Tuesday, December 20, 2005

A Return to “Walled Gardens”?

This week's Business Week draws attention to an issue that's been hot in the Internet community for the last month. Currently, companies like eBay, Google and Yahoo pay a lot of money to telecom companies for local loop connections to their networks, and from there to the Internet backbone. However, some of the major telephone and cable companies (led by AT&T's Edward Whitacre) want the content and service providers to pay for access to their residential and business Internet subscribers. Specifically, this is what’s being considered:

  • Using Quality of Service (QoS) to give content providers that agree to pay them more bandwidth and better response times than content providers that don’t pay, and blocking some websites and services altogether.

  • Limiting or barring competitive VoIP vendors from accessing their networks.

The result could be a return to the “walled garden” model pursued by AOL, CompuServe, Delphi, etc. in the years before the Internet. SBC, for example, could give priority to its partner Yahoo, and make competitive services like Google and MSN much slower and harder to reach. It could also decide to block all usage of file-sharing services because they use too much bandwidth.

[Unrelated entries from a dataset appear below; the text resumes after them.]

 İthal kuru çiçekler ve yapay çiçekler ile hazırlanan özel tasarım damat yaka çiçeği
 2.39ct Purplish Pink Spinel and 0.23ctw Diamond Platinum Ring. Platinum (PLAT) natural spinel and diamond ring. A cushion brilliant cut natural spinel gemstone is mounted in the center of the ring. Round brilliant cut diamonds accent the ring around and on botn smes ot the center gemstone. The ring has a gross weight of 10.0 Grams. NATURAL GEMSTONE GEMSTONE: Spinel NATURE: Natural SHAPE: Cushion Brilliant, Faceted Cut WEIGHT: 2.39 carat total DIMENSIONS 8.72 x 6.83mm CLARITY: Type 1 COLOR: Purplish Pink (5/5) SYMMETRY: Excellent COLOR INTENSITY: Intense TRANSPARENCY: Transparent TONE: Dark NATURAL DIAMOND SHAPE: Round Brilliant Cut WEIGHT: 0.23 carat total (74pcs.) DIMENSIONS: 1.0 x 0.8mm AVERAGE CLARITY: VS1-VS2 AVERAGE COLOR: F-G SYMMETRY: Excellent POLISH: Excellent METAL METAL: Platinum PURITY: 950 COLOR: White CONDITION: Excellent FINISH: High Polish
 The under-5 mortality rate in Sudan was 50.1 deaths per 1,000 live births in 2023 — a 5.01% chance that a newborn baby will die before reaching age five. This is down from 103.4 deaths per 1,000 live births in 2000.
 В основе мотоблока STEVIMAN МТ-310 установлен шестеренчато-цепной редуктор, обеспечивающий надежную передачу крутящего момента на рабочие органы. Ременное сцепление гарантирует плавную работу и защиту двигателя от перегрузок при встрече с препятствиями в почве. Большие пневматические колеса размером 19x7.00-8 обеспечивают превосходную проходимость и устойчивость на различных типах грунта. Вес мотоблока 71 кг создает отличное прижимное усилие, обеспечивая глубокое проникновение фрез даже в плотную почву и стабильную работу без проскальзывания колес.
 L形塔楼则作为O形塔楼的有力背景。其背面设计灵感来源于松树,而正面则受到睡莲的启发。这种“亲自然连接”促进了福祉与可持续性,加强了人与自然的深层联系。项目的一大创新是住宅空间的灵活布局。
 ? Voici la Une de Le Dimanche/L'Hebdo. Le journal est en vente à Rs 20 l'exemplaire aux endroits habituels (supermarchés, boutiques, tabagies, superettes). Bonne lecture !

None of this is new, at least to corporations that have limited employees’ access to certain websites and services for years. Companies regularly block access to porn and shopping sites, and they forbid the use of file-sharing software and services such as Skype. However, these controls are only imposed within these companies’ firewalls. Now, the major telecom companies want the ability to impose these same kinds of limitations on their subscribers.

The risks of this scenario might explain some moves by Google over the last year. At the beginning of 2005, rumors surfaced about a plan by Google to purchase large amounts of “dark fiber”. There was some speculation that Google was planning to become a “super-ISP”, but that talk quickly died down as the press moved on to other stories. Then, in late summer, Google pursued providing citywide WiFi service to San Francisco and Mountain View, CA, where Google is headquartered. The San Francisco franchise is still being debated, but Google won the contract in Mountain View.

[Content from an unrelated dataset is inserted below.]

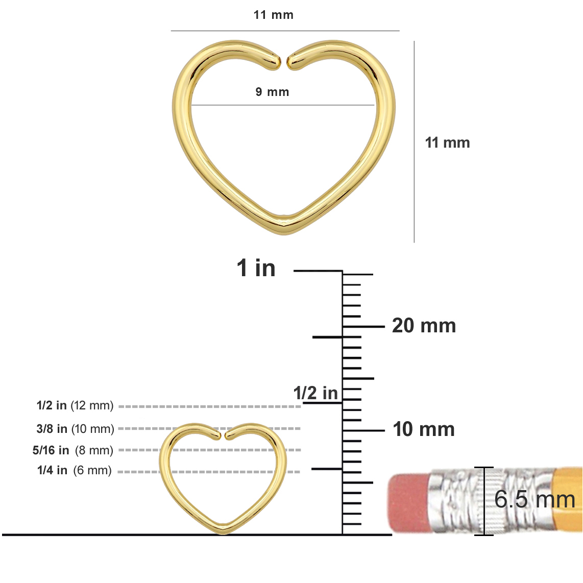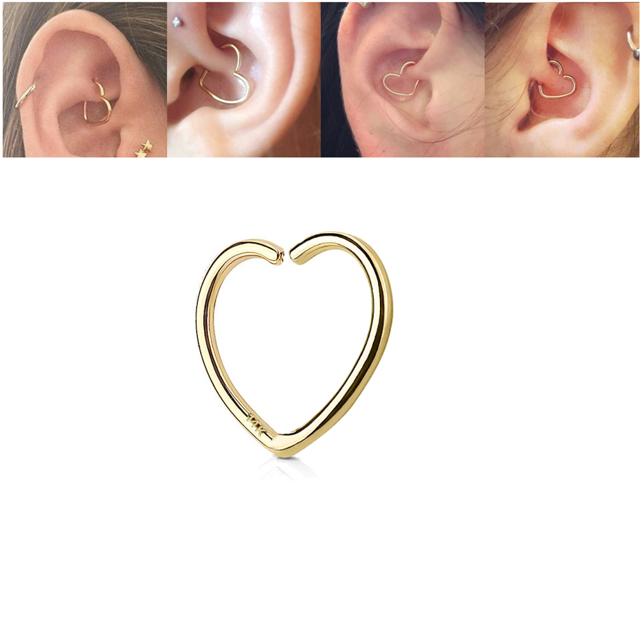 All our gold piercing jewelry is made of 14K solid gold (no vermeil, plated, or filled), material that is highly recommended by APP (Association of Professional Piercers). Gold higher than 18K is not adequate for body jewelry because it can easily be scratched or nicked. Q : How does the heart open? Do you have to bend it? A : Just twist a bit to open the ring. |

Now, why would Google need nationwide dark fiber? It makes sense for the company to run its own private network in order to interconnect its server sites. But why does the company want to get into WiFi? I believe that Google’s dark fiber and WiFi initiatives are closely linked. In the event that the major telecom companies try to force Google to pay for access to their networks, Google can “light up” its own competitive ISP service in major metropolitan areas. After all, there’s no reason why Google can’t overbuild wireless data services in the same areas as the major telecom companies. With WiMAX service and mesh networking, Google could cover an entire city quickly, and at a comparatively low cost.

Of course, Google could use QoS to give priority to its own content and services, but there’s no reason why other content providers couldn’t launch their own ISP services. It’s even reasonable to assume that two or three major content providers could get together and finance a competitive ISP service, guaranteeing all of them equal access to subscribers.